● **DATA EXCERPTS**

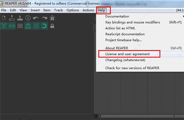 9、随后启动软件点击“help”选择“License and user agreement”。
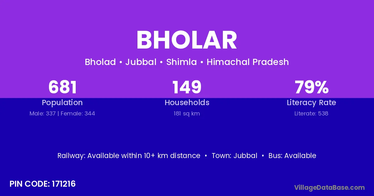 Jubbal is the nearest town to Bholar village for major economic activities
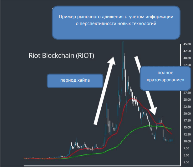Многие трейдеры идут против этого мнения и торгуют акциями, основываясь на слухах и новостях. Примером ажиотажа и новостной рекламы является Riot Blockchain (RIOT), биотехнологическая компания, решившая заняться технологией блокчейн. Сюда же можно отнести и хайп вокруг Биткоина в 2017 году и его феерическим падением уже через 6 месяцев.
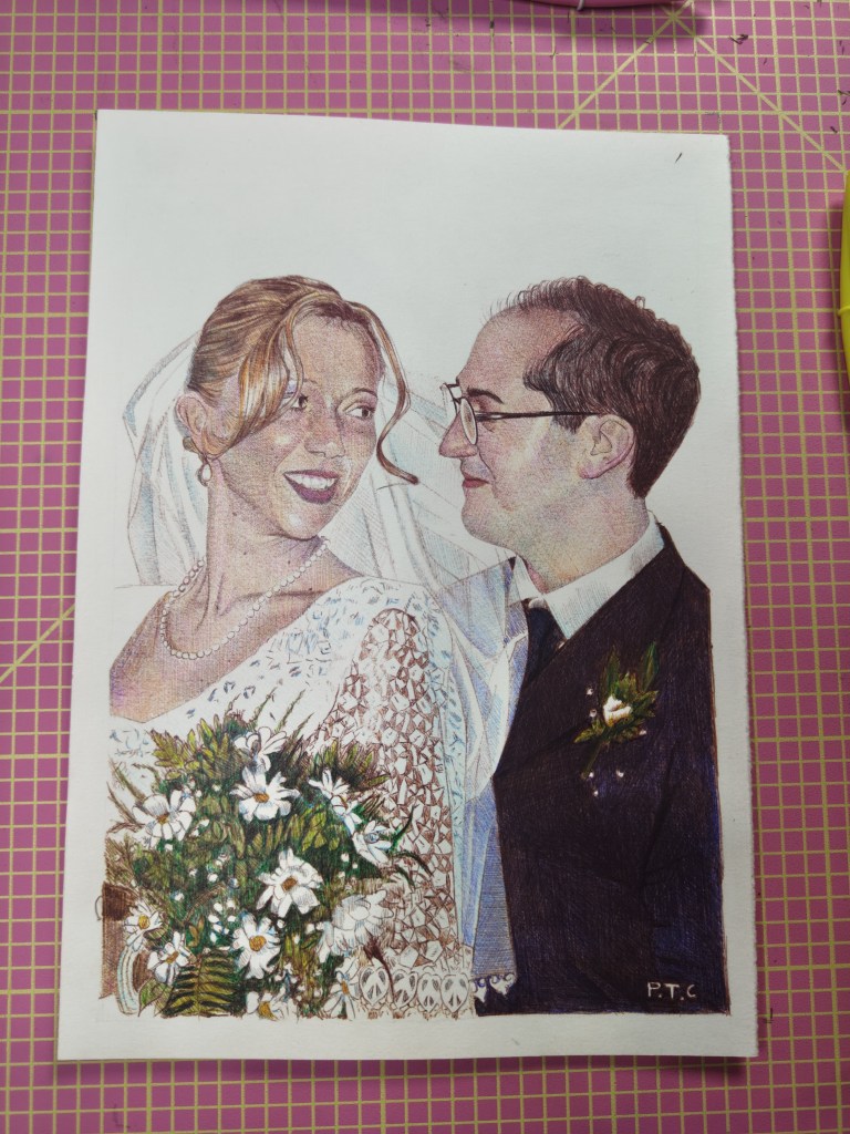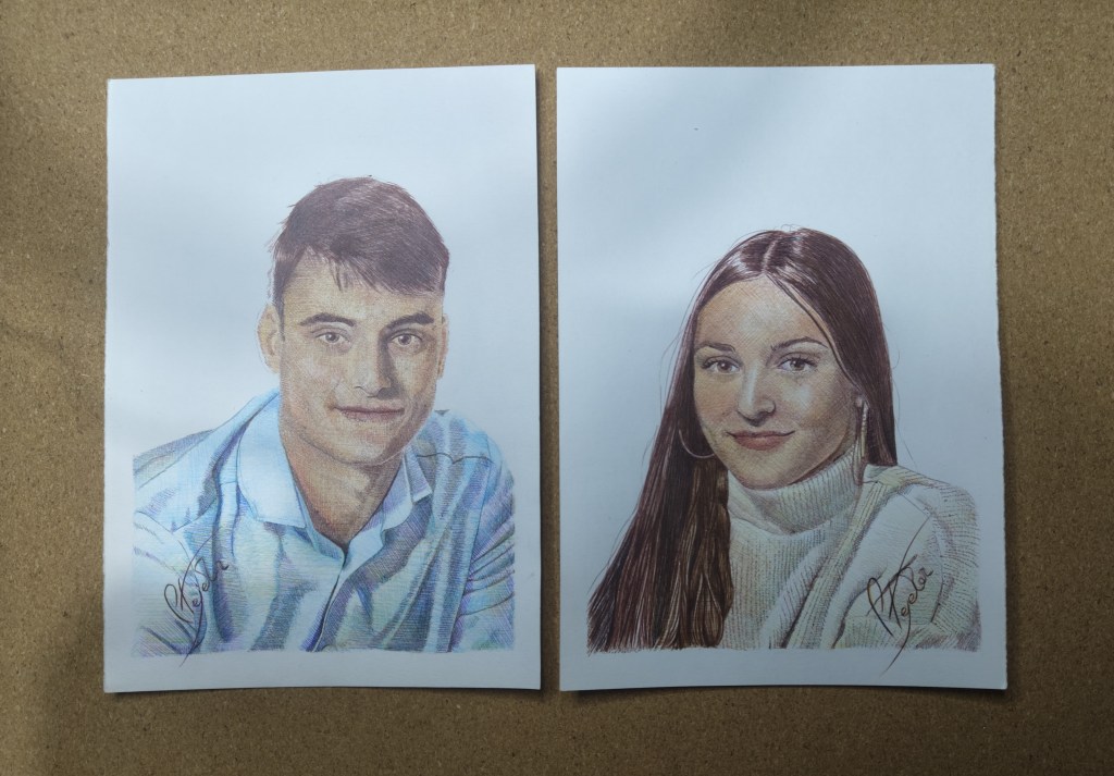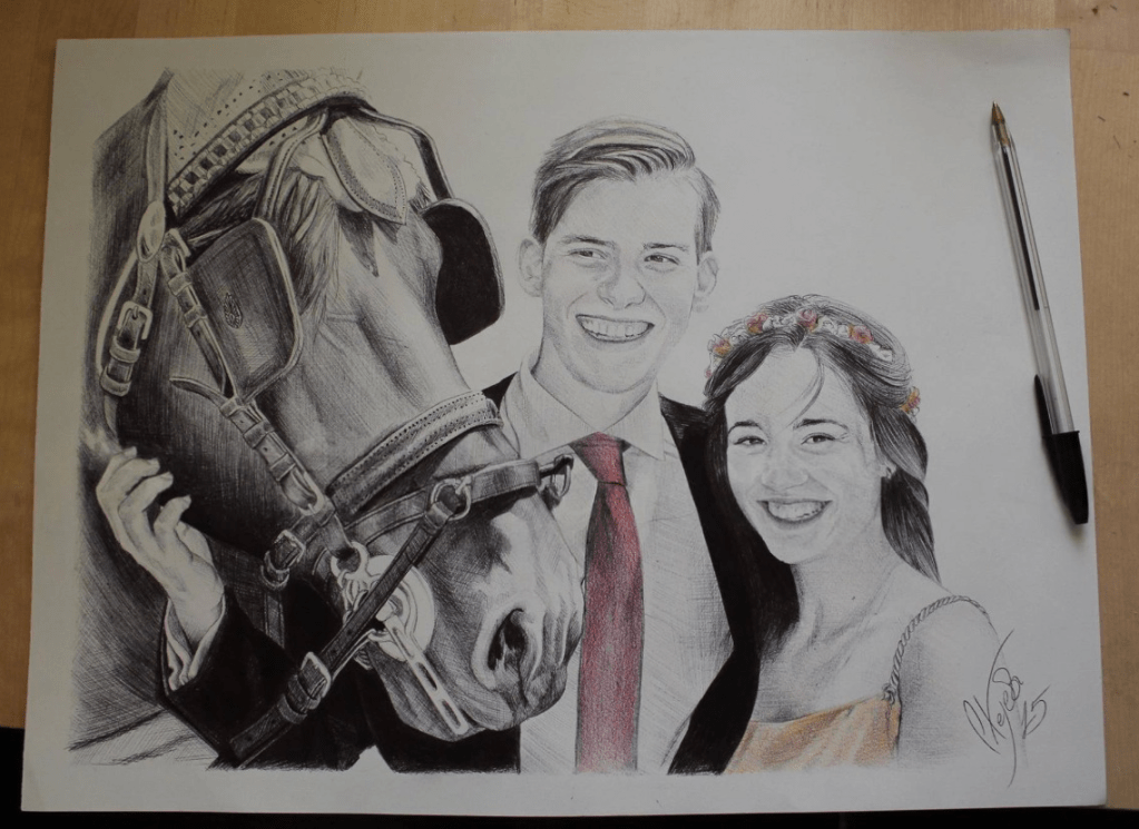 Retratos realistas a bolígrafo, elige tu color favorito, hacerlo a todo color o con detalles en acuarela. Un regalo perfecto para bodas, cumpleaños, para Navidad o para cualquier ocasión.
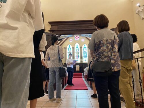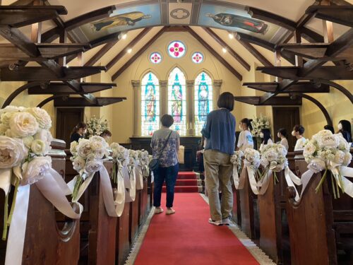 イタリアからとりよせたステンドグラスと椅子があり、とても落ち着いた雰囲気のチャペル。
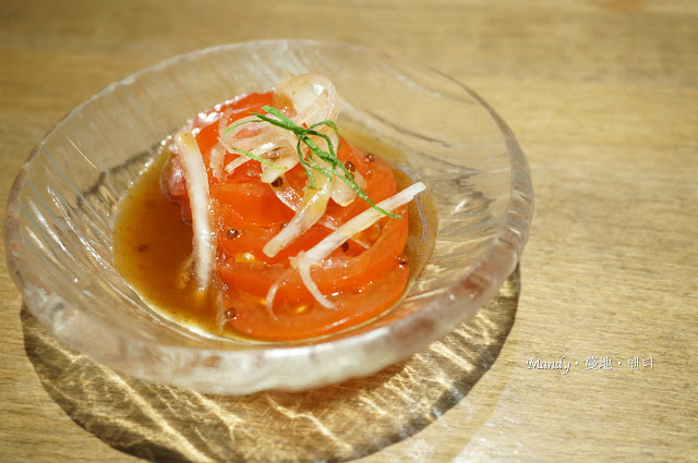 用上日本醬油的蕃茄前菜,味道酸酸咪咪加上洋蔥的辛辣,
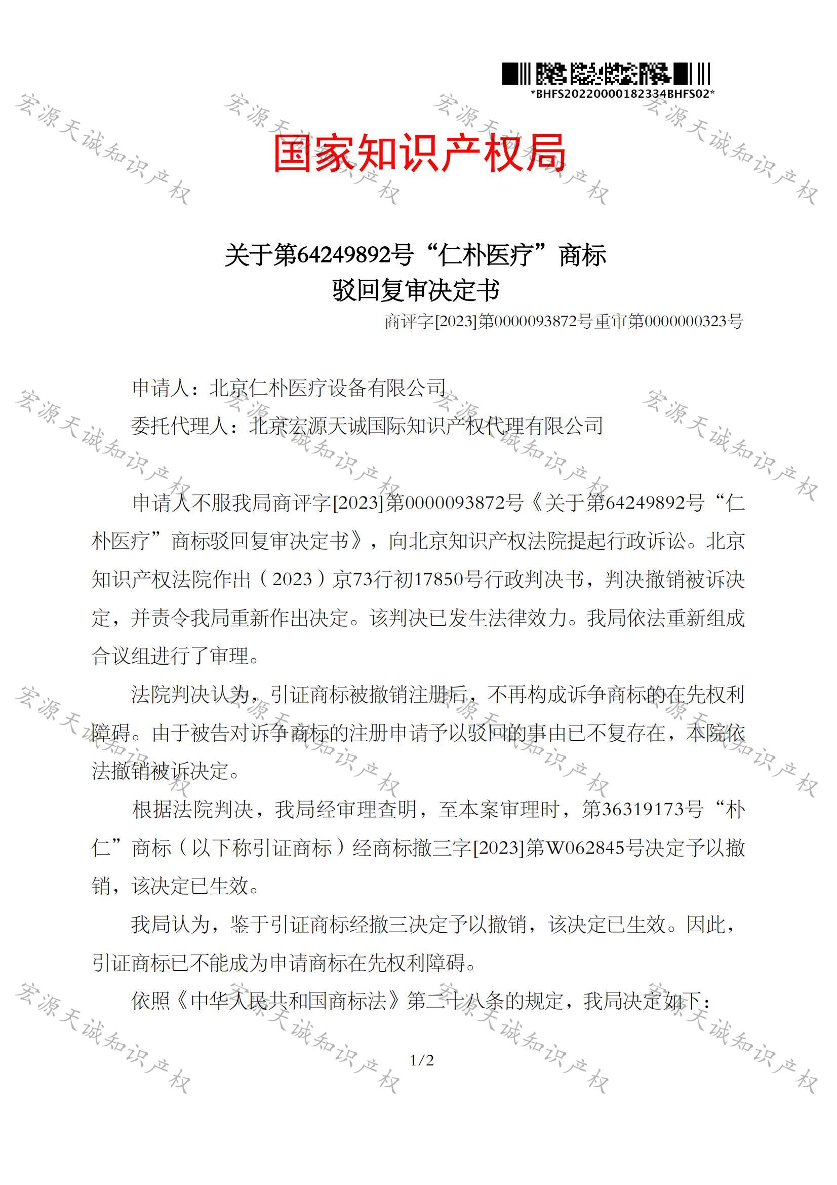 宏源天诚代理“仁朴医疗”商标驳回复审成功
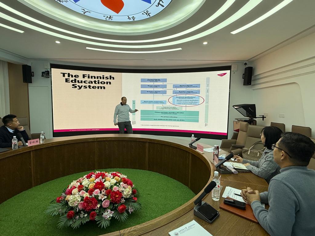 芬蘭坦佩雷成人教育中心(TAKK)是芬蘭知名公辦中高職貫通職業(yè)教育機構(gòu),自1962年成立以來,獲芬蘭教育部正式授權(quán)開展職業(yè)教育教學(xué)工作,是芬蘭職業(yè)教育領(lǐng)域的標(biāo)桿院校。會談中,薩米?普多寧先生詳細(xì)解讀了芬蘭職業(yè)教育體系的層級架構(gòu)、資格認(rèn)證標(biāo)準(zhǔn)及人才培養(yǎng)邏輯,重點分享了坦佩雷成人教育中心在學(xué)徒制培訓(xùn)、職場化實訓(xùn)、模塊化課程設(shè)計等方面的成熟經(jīng)驗,闡釋了芬蘭職業(yè)教育與產(chǎn)業(yè)需求深度融合、資格證書與學(xué)歷教育有機銜接的核心特色。張建民院長向芬方詳細(xì)介紹了山東勝利職業(yè)學(xué)院的辦學(xué)定位、核心專業(yè)建設(shè)成果及國際化合作發(fā)展需求,重點圍繞中芬兩國高等職業(yè)教育體系在培養(yǎng)目標(biāo)、課程設(shè)置、資格認(rèn)證、升學(xué)就業(yè)等方面的契合點,與芬方相關(guān)代表展開深入探討,為雙方后續(xù)探索體系對接銜接路徑奠定了溝通基礎(chǔ)。

● **PROBLEM STATEMENT**
Make an exact copy of the records above, one that has none of the pictures.

● **ANSWER**
 9、随后启动软件点击“help”选择“License and user agreement”。
 Jubbal is the nearest town to Bholar village for major economic activities
Многие трейдеры идут против этого мнения и торгуют акциями, основываясь на слухах и новостях. Примером ажиотажа и новостной рекламы является Riot Blockchain (RIOT), биотехнологическая компания, решившая заняться технологией блокчейн. Сюда же можно отнести и хайп вокруг Биткоина в 2017 году и его феерическим падением уже через 6 месяцев.
 Retratos realistas a bolígrafo, elige tu color favorito, hacerlo a todo color o con detalles en acuarela. Un regalo perfecto para bodas, cumpleaños, para Navidad o para cualquier ocasión.
 イタリアからとりよせたステンドグラスと椅子があり、とても落ち着いた雰囲気のチャペル。
 用上日本醬油的蕃茄前菜,味道酸酸咪咪加上洋蔥的辛辣,
 宏源天诚代理“仁朴医疗”商标驳回复审成功
 芬蘭坦佩雷成人教育中心(TAKK)是芬蘭知名公辦中高職貫通職業(yè)教育機構(gòu),自1962年成立以來,獲芬蘭教育部正式授權(quán)開展職業(yè)教育教學(xué)工作,是芬蘭職業(yè)教育領(lǐng)域的標(biāo)桿院校。會談中,薩米?普多寧先生詳細(xì)解讀了芬蘭職業(yè)教育體系的層級架構(gòu)、資格認(rèn)證標(biāo)準(zhǔn)及人才培養(yǎng)邏輯,重點分享了坦佩雷成人教育中心在學(xué)徒制培訓(xùn)、職場化實訓(xùn)、模塊化課程設(shè)計等方面的成熟經(jīng)驗,闡釋了芬蘭職業(yè)教育與產(chǎn)業(yè)需求深度融合、資格證書與學(xué)歷教育有機銜接的核心特色。張建民院長向芬方詳細(xì)介紹了山東勝利職業(yè)學(xué)院的辦學(xué)定位、核心專業(yè)建設(shè)成果及國際化合作發(fā)展需求,重點圍繞中芬兩國高等職業(yè)教育體系在培養(yǎng)目標(biāo)、課程設(shè)置、資格認(rèn)證、升學(xué)就業(yè)等方面的契合點,與芬方相關(guān)代表展開深入探討,為雙方后續(xù)探索體系對接銜接路徑奠定了溝通基礎(chǔ)。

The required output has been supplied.